お風呂でシャンプーしている時にケータイが…

続いて、仕事の2つ目が「津波警報を出すかどうかの判断」です。

鎌谷課長は地震が起きた際に、津波警報や注意報を出したり解除したりする最終判断もしています。ここで、注目のウラ情報がこちら。

「お風呂でも呼び出しに対応」です。

鎌谷課長は、地震や津波と言ったいつ起きるか分からず、国民の命に関わる災害に対応するため、お風呂に入る際も携帯電話を持ち込んでいます。実際に対応したケースもあるそうです。

気象庁・鎌谷紀子地震津波監視課長:
365日24時間電話がかかってくる可能性がありますので、電話をビニール袋に入れてお風呂に持ち込んでいます。実際にお風呂の中で携帯を取ったことが2回ぐらいありまして、そのときちょうどシャンプーをしていたので泡だらけの手でビニール袋を開いて取ったことがあります。

いつでも対応できるよう、鎌谷さんは課長になってから、晩酌を控えているそうです。

また趣味は「温泉旅行」なんだそうですが、残念ながら、今は行けないそうです。

生活にも制約を受ける大変な仕事ですが、「人の命を助けることに直結する」とその重みを話されていました。

ご家族はスキー旅行へ、鎌谷課長の年末年始は?

そして、最後に紹介する仕事は「防災の取り組みや情報の普及」です。

災害の被害を減らすための取り組みや情報を普及させることも、鎌谷課長の重要な仕事です。

実は、気象庁などは、12月16日から新たな取り組みを始めます。

北海道や三陸沖でマグニチュード7以上の地震が起きた際に、後からくるもっと大きな地震に注意を呼びかける「北海道・三陸沖後発地震注意情報」の発表です。

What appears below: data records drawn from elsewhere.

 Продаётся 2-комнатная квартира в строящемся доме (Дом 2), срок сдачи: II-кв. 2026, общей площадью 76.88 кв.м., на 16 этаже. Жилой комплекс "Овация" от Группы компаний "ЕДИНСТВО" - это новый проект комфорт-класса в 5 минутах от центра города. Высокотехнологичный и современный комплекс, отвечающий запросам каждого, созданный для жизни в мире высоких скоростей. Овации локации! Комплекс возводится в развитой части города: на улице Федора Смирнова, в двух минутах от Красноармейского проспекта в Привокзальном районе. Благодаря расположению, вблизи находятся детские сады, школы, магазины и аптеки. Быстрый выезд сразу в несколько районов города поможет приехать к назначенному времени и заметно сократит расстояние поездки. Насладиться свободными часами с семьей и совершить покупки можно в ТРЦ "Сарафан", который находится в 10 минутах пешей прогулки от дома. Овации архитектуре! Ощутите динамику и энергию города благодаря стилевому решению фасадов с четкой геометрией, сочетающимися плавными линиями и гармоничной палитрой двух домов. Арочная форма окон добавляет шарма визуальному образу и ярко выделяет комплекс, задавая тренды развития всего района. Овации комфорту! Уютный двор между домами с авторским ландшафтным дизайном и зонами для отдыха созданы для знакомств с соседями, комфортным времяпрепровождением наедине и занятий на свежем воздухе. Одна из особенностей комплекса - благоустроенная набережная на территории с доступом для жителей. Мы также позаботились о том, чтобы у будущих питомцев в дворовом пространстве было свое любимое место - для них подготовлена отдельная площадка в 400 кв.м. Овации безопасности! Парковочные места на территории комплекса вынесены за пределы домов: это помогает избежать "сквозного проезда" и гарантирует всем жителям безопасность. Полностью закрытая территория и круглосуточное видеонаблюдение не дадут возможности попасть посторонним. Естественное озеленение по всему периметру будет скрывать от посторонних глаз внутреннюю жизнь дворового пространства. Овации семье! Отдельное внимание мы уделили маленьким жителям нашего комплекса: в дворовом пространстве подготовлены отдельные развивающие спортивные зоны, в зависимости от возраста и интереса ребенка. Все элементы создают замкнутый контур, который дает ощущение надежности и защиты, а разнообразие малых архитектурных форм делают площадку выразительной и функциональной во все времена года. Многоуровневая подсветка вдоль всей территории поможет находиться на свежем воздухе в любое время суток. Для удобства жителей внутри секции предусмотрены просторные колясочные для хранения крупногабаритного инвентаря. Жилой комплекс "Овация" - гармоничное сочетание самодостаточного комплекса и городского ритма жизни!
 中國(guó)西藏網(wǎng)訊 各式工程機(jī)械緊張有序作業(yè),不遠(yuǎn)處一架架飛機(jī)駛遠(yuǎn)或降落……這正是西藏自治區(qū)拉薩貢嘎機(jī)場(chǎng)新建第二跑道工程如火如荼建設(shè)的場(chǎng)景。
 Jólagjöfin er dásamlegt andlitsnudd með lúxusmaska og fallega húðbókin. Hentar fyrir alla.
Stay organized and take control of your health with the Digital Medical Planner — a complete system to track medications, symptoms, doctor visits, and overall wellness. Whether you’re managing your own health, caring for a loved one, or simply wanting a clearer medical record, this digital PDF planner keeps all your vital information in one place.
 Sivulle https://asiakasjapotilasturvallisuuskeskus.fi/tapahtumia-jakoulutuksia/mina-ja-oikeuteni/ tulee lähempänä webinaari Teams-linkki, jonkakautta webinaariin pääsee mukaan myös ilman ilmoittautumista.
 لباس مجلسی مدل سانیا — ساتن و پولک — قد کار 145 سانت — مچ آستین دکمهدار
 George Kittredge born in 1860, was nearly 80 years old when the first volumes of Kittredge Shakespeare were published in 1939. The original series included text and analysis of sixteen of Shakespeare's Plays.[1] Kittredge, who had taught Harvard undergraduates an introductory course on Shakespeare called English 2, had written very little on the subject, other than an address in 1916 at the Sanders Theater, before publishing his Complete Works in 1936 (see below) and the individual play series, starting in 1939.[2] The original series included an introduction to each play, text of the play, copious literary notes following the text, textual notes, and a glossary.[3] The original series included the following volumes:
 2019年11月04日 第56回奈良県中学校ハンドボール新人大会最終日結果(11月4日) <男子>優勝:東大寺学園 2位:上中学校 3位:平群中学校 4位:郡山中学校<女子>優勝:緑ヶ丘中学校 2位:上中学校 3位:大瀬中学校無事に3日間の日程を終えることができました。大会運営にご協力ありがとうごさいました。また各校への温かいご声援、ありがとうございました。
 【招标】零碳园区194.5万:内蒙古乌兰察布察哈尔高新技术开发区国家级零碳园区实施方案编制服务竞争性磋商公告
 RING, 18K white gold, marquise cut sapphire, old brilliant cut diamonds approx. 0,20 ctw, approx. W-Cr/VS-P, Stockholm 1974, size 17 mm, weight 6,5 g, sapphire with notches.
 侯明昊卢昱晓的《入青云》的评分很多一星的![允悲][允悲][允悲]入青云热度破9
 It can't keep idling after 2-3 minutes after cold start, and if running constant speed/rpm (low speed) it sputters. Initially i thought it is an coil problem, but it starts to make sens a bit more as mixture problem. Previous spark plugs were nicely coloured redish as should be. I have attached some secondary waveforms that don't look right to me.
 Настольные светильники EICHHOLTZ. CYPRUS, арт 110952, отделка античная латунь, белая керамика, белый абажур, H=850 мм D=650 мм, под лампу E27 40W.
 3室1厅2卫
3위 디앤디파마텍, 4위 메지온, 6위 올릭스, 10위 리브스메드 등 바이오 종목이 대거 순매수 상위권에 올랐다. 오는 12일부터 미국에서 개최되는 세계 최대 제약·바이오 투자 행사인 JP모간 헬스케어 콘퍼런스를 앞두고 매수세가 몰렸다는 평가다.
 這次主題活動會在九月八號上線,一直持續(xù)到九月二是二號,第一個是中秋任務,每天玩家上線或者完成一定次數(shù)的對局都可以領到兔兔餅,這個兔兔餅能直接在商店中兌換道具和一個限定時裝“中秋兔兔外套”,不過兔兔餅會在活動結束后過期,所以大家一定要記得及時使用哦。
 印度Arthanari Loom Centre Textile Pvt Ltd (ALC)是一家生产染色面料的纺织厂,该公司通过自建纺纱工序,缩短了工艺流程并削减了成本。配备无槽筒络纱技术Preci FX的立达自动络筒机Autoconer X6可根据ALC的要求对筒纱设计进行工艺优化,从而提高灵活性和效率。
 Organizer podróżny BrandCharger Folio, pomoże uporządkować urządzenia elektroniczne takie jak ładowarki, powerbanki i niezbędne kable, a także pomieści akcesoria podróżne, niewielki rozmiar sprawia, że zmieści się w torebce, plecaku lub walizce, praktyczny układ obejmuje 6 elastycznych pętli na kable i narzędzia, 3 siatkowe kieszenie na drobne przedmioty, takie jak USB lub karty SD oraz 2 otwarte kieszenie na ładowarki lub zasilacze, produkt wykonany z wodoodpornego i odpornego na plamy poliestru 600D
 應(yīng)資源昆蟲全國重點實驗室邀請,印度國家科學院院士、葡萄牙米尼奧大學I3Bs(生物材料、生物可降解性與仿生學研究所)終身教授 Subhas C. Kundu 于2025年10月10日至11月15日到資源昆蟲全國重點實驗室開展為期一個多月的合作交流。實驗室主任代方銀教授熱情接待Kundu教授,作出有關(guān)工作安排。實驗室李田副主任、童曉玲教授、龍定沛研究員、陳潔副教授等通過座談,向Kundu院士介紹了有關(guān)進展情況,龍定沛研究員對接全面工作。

その狙いについて伺ったところ、「とにかく備えてもらうことによって、死者を減らすことを目指す」「防災対策を、もしみんながやれば、死者を8割減らせることになる」ということでした。

また、情報が出た時に「驚いてスーパーに駆け込んで非常食を買い込む人が出ることがとても心配、普段から準備してほしい」と話していました。

もうすぐ年末年始ですが、ご予定を伺いました。娘さんなどご家族はスキー旅行を計画しているそうですが、鎌谷課長は行けませんので、奮発して1人でホテルを予約して過ごすとのことでした。

ただ、ホテルも気象庁の近くにして呼び出しに備えるそうです。